A fusão entre BrasilAgro e Sollus resultaria em uma empresa com mais de 240 mil hectares de terras no país. Levando-se em consideração o plano de expansão já em curso nas duas companhias, esta nova holding poderia chegar ao fim do ano com uma carteira de mais de 340 mil hectares em propriedades rurais, superando a atual líder do setor, a Tiba Agro. A empresa teria ainda terras na Argentina, com o carry over dos ativos da Los Grobo e dos irmãos Alejandro e Eduardo Elsztajn, donos da Cresud. A eventual associação é um reflexo do poder que a Cresud ganhou ao aumentar sua participação no capital da BrasilAgro. Além da aproximação com Gustavo Grobocopatel, o grupo argentino é também um dos idealizadores da emissão de ADRs programada pela companhia. Independentemente da operação com a Sollus, dentro da própria BrasilAgro a expectativa é que a maior ingerência da Cresud vai se refletir na gestão da companhia, inclusive com a possível troca de executivos indicados pela Tarpon Investimentos (Relatório Reservado, 6/7/2010).

La sumatoria y la articulación entre las fuerzas de Eduardo Elsztain, Gustavo Grobocopatel y sus respectivas empresas en la Argentina y en el Cono Sur, pueden ser trágicas para el  porvenir de nuestros países y sumamente difíciles de contrarrestar, en especial debido al respaldo que estas Corporaciones suelen contar por parte de los diversos gobiernos progresistas de la América Latina.
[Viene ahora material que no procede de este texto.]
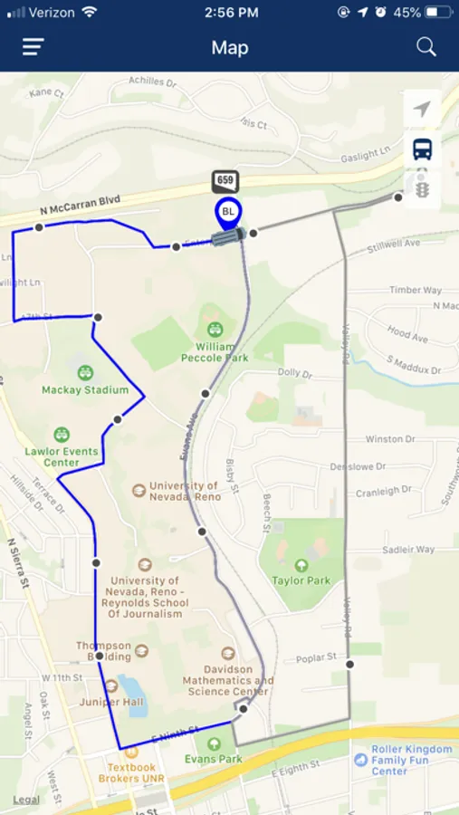 The PackTransit App provides University of Nevada, Reno passengers with real-time information about their shuttle's location, routes and more.
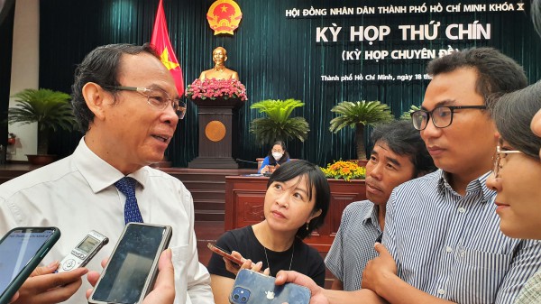 Bí thư Thành ủy TP.HCM Nguyễn Văn Nên trao đổi với các phóng viên bên lề kỳ họp thứ 9 HĐND TP.HCM sáng 18.4

Especulación con los alimentos y avalancha del acaparamiento de tierras

Con el acaparamiento de tierras por parte de las corporaciones, los agricultores y las comunidades locales inevitablemente perderán el acceso a la tierra para la producción local de alimentos. Se está entregando la base misma sobre la cual construir la Soberanía Alimentaria. En marzo de 2010 el GRAIN difundió un documento en el que afirma que: “Se dice como excusa que en muchos casos las tierras no se venden sino que se rentan, pero qué propicia más la devastación sin miramientos de las tierras: ¿que se vendan, o que se renten por… noventa y nueve años? Al final de tales contratos, los “inquilinos” regresarán a una tierra agotada, erosionada, contaminada, a la cual será muy difícil recuperarle su fertilidad, y ellos simplemente se mudan a nuevas tierras “disponibles”.
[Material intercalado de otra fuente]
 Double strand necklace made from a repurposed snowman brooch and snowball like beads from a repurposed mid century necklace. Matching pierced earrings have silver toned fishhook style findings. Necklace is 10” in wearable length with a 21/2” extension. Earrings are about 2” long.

Este proceso que hemos descripto amenaza convertirse en una verdadera catástrofe para nuestros pueblos, en la medida en que las corporaciones transnacionales  redireccionan el flujo de capitales  financieros errantes desde la crisis de los mercados inmobiliarios, hacia las zonas de agricultura  en América del Sur y en África. La consecuencia será la devastación de los ecosistemas naturales sometidos a procesos productivos que agotan rápidamente los frágiles equilibrios en zonas como la Patagonia y el Norte argentino. Otra consecuencia importante será la pérdida de la soberanía nacional sobre vastos espacios que funcionarán como enclaves extra territoriales a la vez que, como bolsones de producción sometidos a las demandas de intereses externos, en detrimento de los Estados nacionales y de sus responsabilidades de mantener la integridad y la soberanía de sus propios espacios. La decisión sobre la vida y los bienes comunes quedarán en ese caso, en manos de quienes concentran el manejo de las producciones, constituyéndose gobiernos paralelos, a la vez que mutilándose el cuerpo de la Nación.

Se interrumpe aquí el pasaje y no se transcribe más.